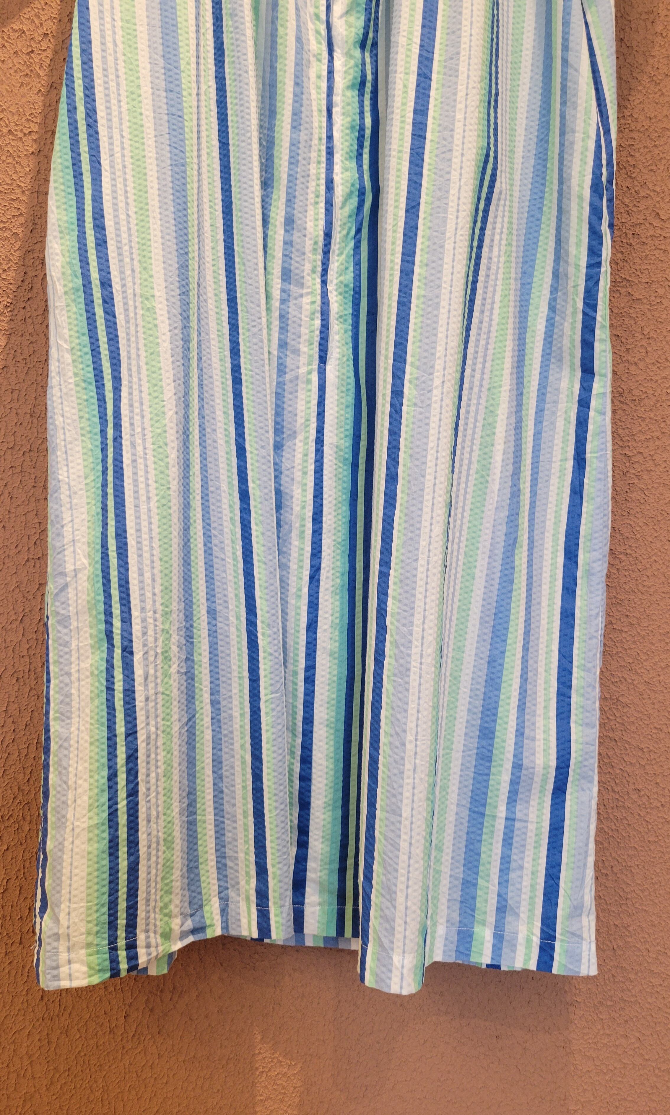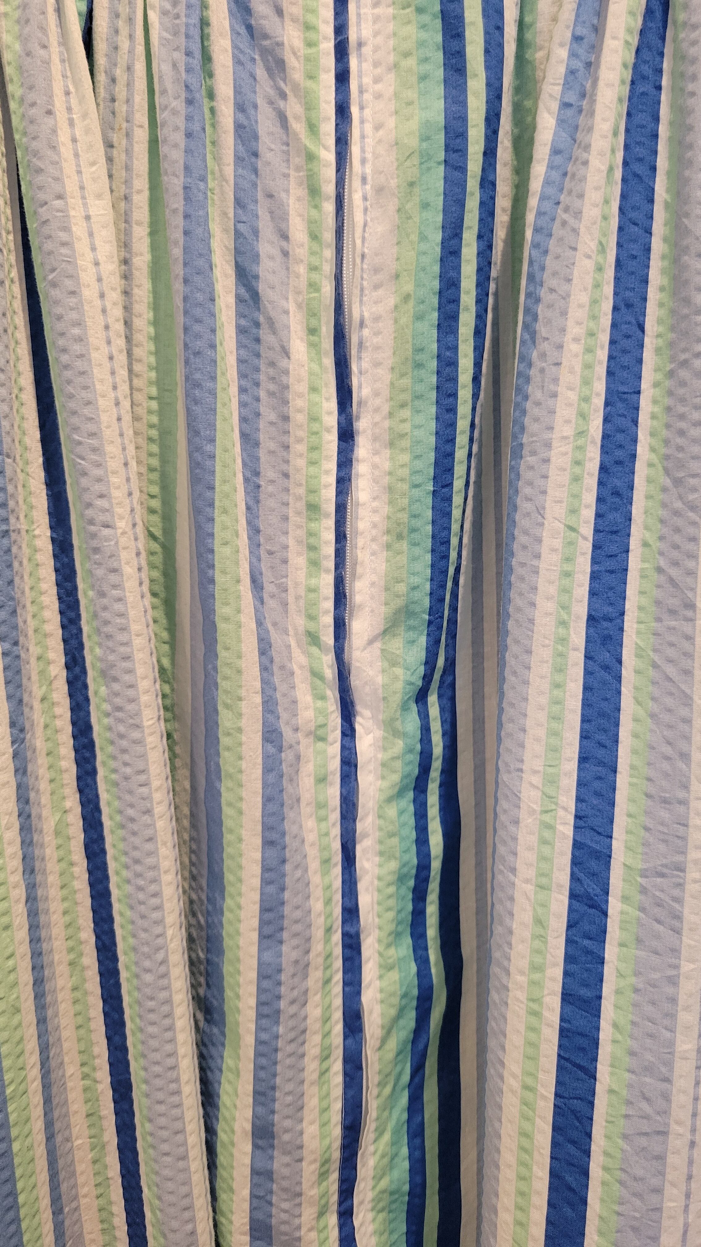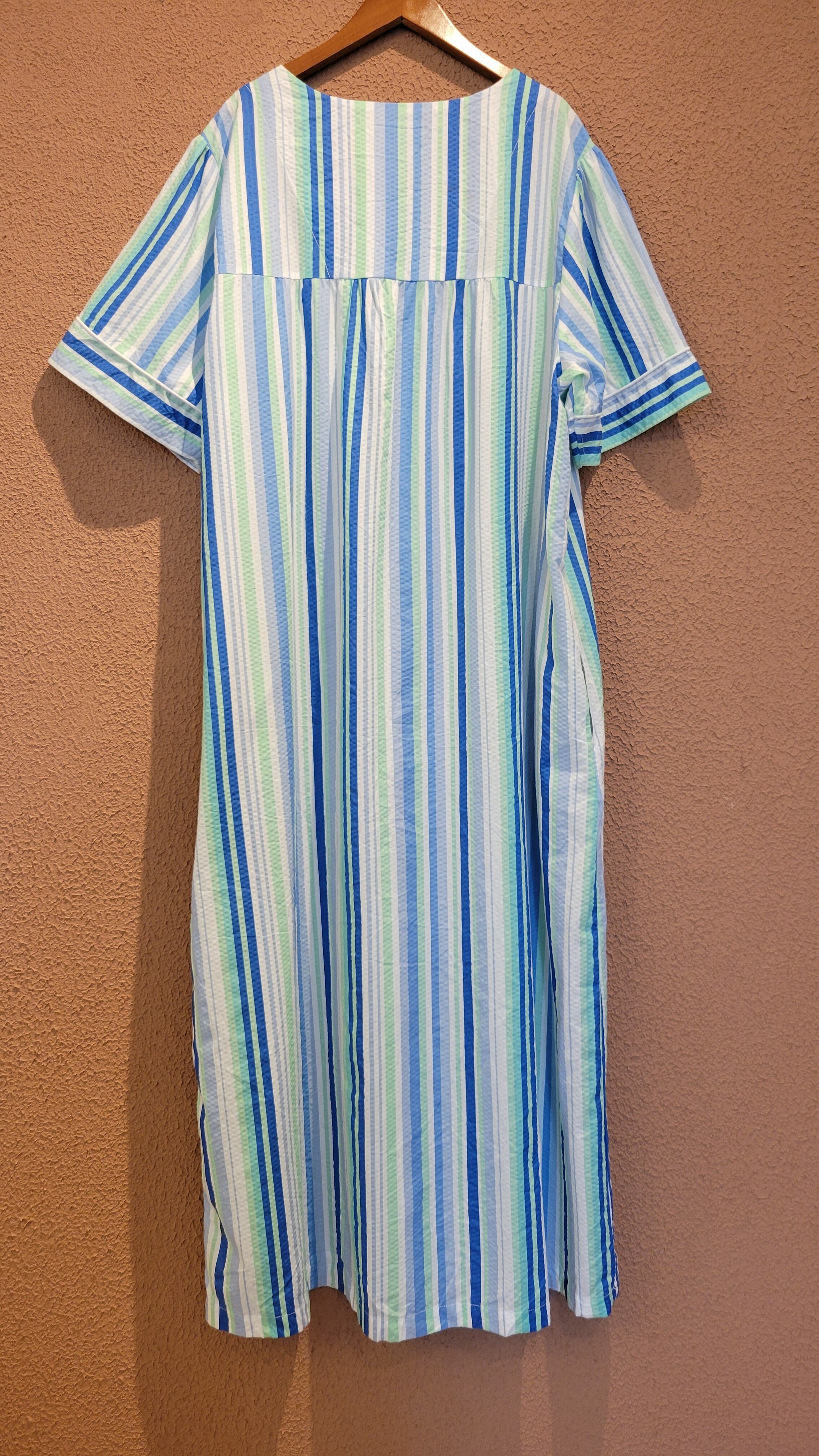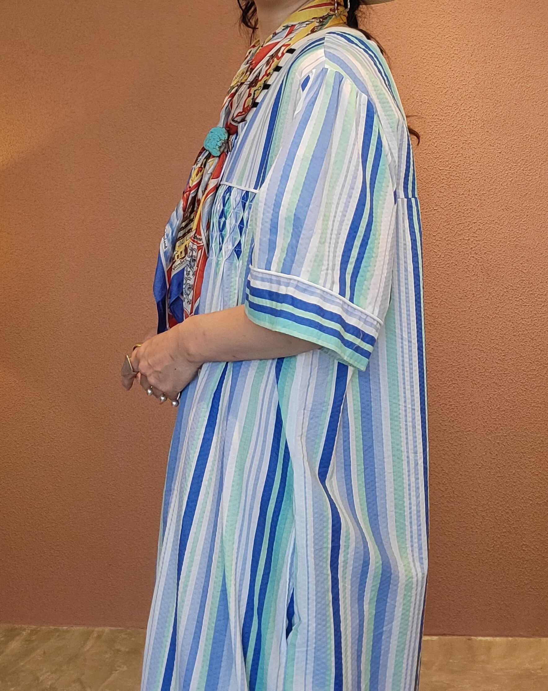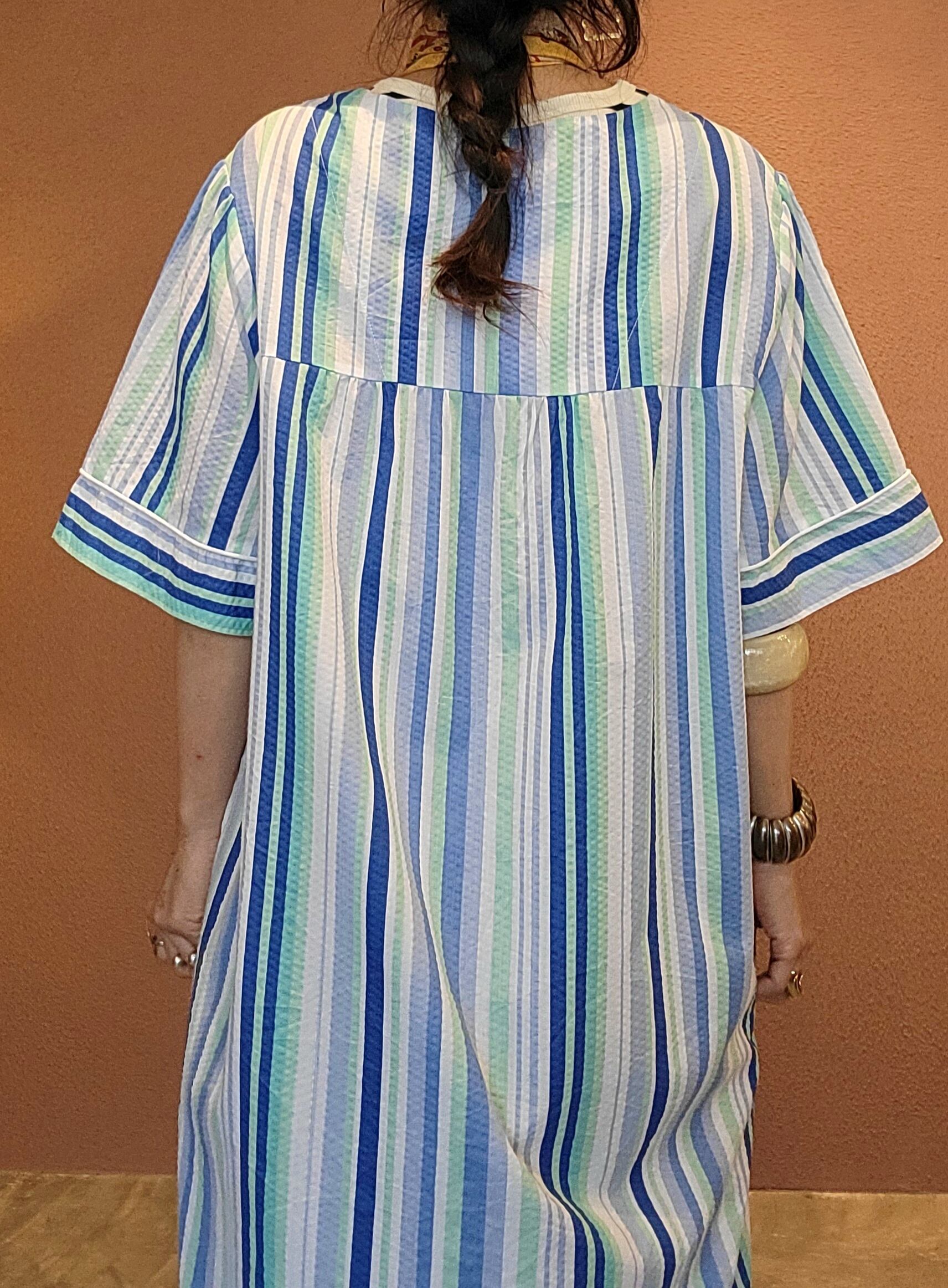 ヴィンテージラウンジドレス。素材表記はありませんがコットンのようです。シアサッカー素材で軽量で肌にまとわりつかず、涼しく着られます。フロントのハーフジップに付いたプルタブが可愛いアクセントに。元々は室内でくつろぐための洋服なのでストレスフリーな着心地が魅力です。
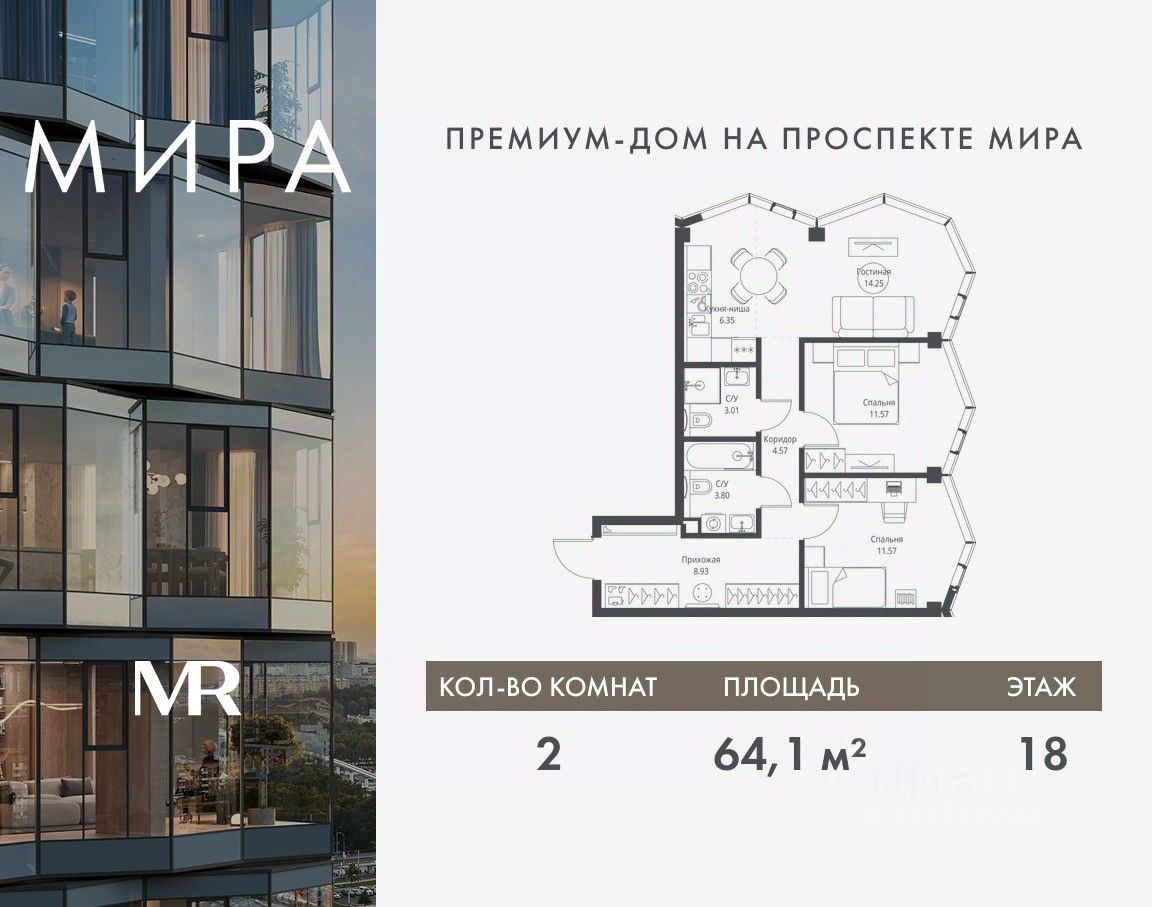 Продаётся 2-комнатная квартира общей площадью 64.05 м² без отделки в доме премиум-класса МИРА на 18-м этаже 24 этажного дома. Квартира расположена в корпусе 3.
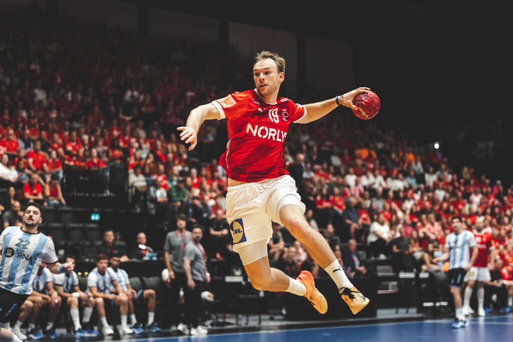 Mathias Gidsel i aktion for det danske landshold mod Argentina i 2024. Foto: Dejan Obretkovic/DanskHåndbold
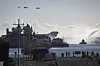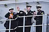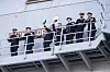 Idet lederskipet HMS Prince of Wales nærmet seg kaien, runget jubelen fra de fremmøtte, rotorbladene til ett Wildcat-helikopter og to Merlins, og signalhornet til hangarskipet.
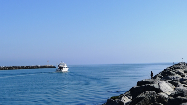 騎到Boardwalk 的終點路就不通了,循E街左行出去,接到Balboa Blvd右轉,看到叉狀路時右轉G街,再從Ocean Blvd 左轉便直行進入Jetty View Park。這裡便是Balboa Peninsula 的尾端。 Balboa Peninsula緊連Newport Beach,是Newport Beach 市的一部份,南沿太平洋,北則有Newport Harbor渠道切入,地理上形成一條細長的半島狀,因而得名。環水的特色也使這裡的風景特別吸引人。
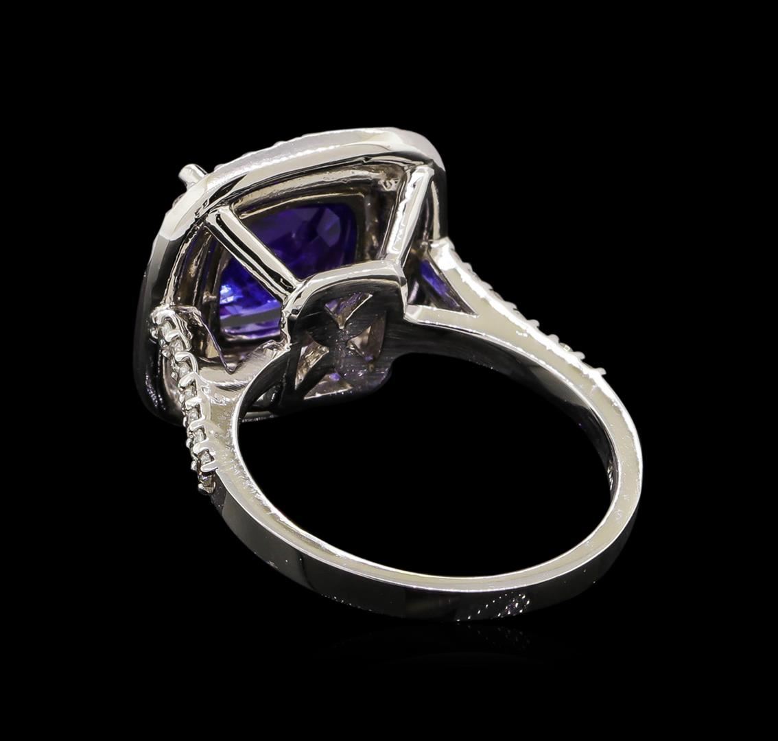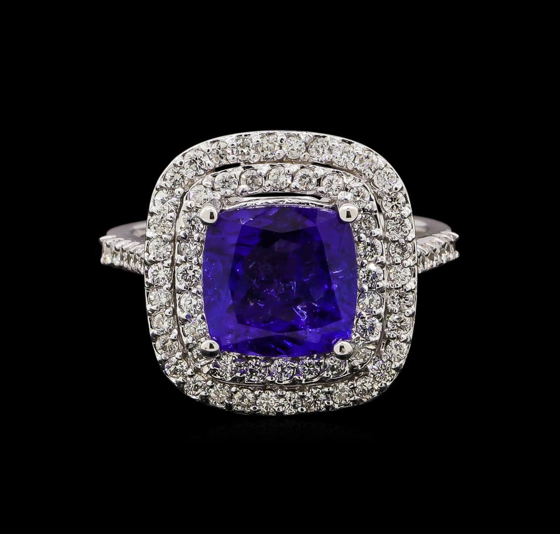 One electronically tested 14KT white gold ladies cast tanzanite and diamond ring with a bright polish finish. Identified with markings of "14K". Condition is new. Containing: One prong set square cushion modified brilliant cut natural tanzanite, measuring 9.00 x 8.90 x 5.82mm, approximate weight of 3.67ct., clarity is eye clean, type I, medium, moderately strong, bluish violet color, (GIA bV 5/4), cut is good. Sixty-Six prong set round brilliant cut diamonds, measuring 1.50 - 1.50 x 0.90mm (depth est.) approximate total weight of 66 Stones = 0.81ct. Clarity: SI-2 to I-1. Color: H - I, Cut is Good. Colored gemstones are presumed to have been subjected to commonly used enhancement processes. All diamonds and colored gemstones are graded in the mounting, unless otherwise stated. Total Weight of Colored Stones 3.67ct. Total Weight of Diamonds 0.81ct. Total Weight of Ring 6.60 grams.

▬▬▬▬▬▬

§ Task details
Repeat the records above exactly, from the first line through the line containing "Продаётся 2-комнатная квартира", and leave out the pictures.

§ Expected answer
 ヴィンテージラウンジドレス。素材表記はありませんがコットンのようです。シアサッカー素材で軽量で肌にまとわりつかず、涼しく着られます。フロントのハーフジップに付いたプルタブが可愛いアクセントに。元々は室内でくつろぐための洋服なのでストレスフリーな着心地が魅力です。
 Продаётся 2-комнатная квартира общей площадью 64.05 м² без отделки в доме премиум-класса МИРА на 18-м этаже 24 этажного дома. Квартира расположена в корпусе 3.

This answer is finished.